**DATASET EXTRACT**.
==*==

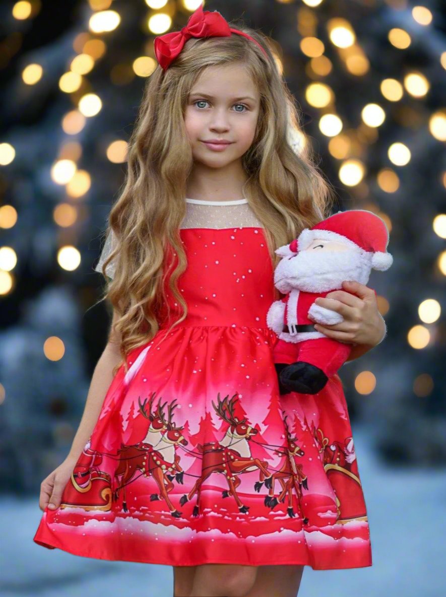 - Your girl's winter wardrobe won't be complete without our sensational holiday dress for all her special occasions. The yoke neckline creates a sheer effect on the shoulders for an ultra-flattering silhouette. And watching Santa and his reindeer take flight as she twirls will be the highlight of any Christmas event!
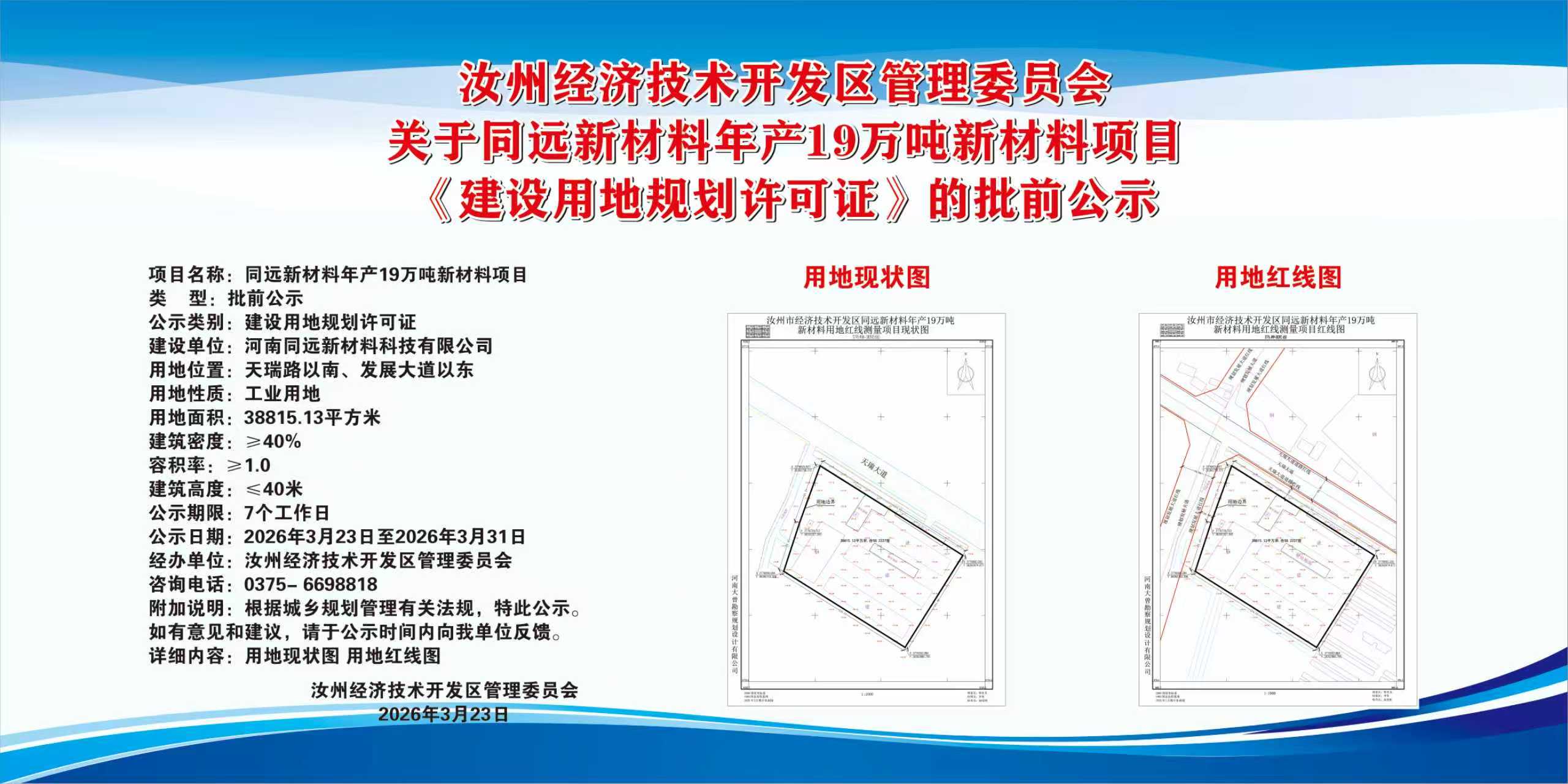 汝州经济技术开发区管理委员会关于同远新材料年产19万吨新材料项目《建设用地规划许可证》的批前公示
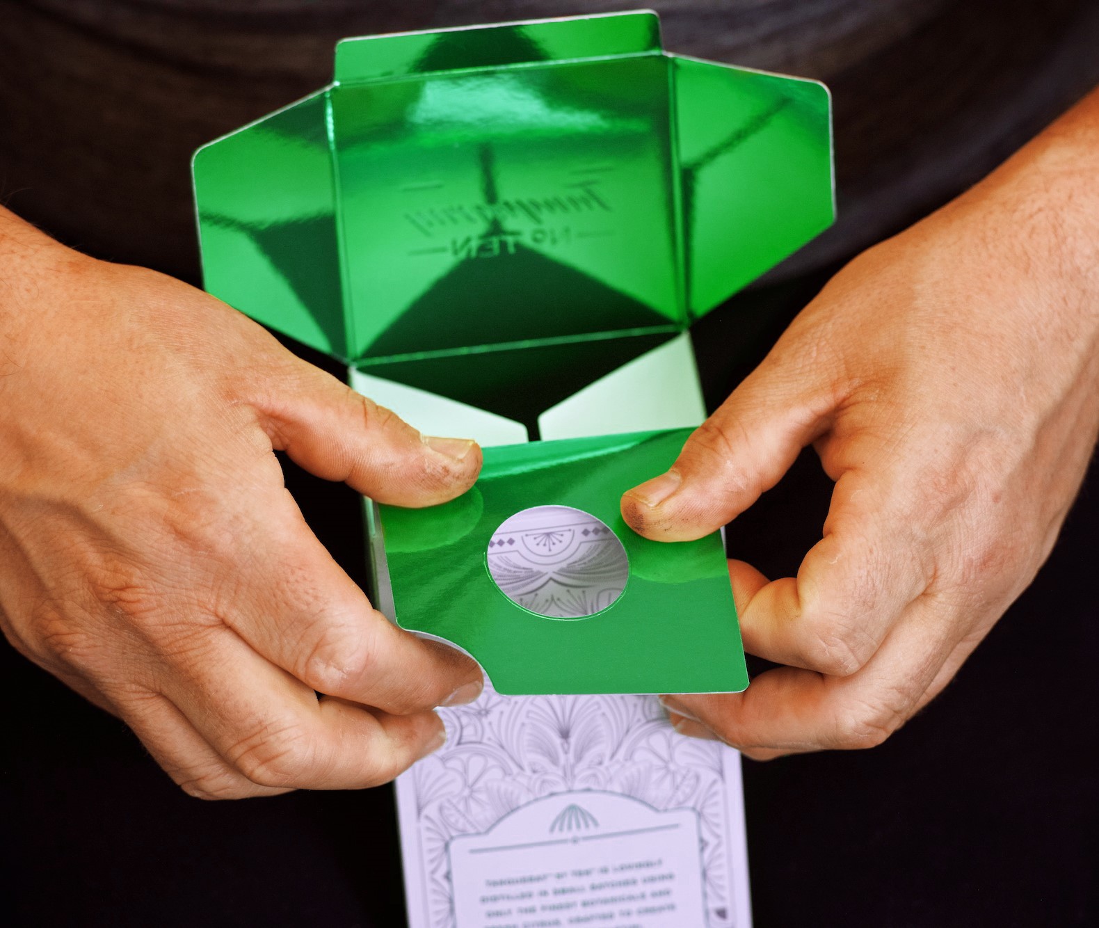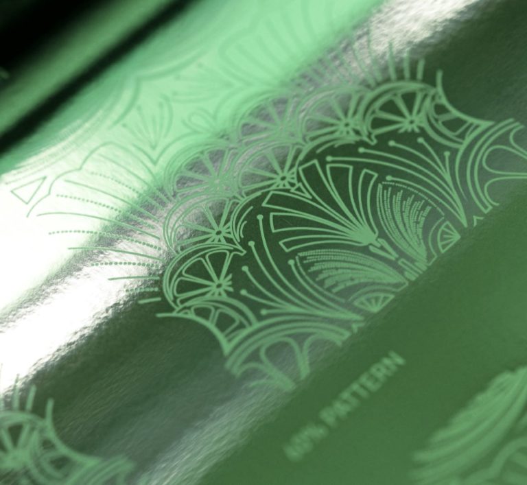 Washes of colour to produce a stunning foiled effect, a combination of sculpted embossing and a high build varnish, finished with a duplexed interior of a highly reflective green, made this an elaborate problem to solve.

==*==

**EXERCISE PROMPT**. In your answer, give every line of the listing above exactly, and do not include the images.

**RESPONSE TO THE EXERCISE**.
 - Your girl's winter wardrobe won't be complete without our sensational holiday dress for all her special occasions. The yoke neckline creates a sheer effect on the shoulders for an ultra-flattering silhouette. And watching Santa and his reindeer take flight as she twirls will be the highlight of any Christmas event!
 汝州经济技术开发区管理委员会关于同远新材料年产19万吨新材料项目《建设用地规划许可证》的批前公示
 Washes of colour to produce a stunning foiled effect, a combination of sculpted embossing and a high build varnish, finished with a duplexed interior of a highly reflective green, made this an elaborate problem to solve.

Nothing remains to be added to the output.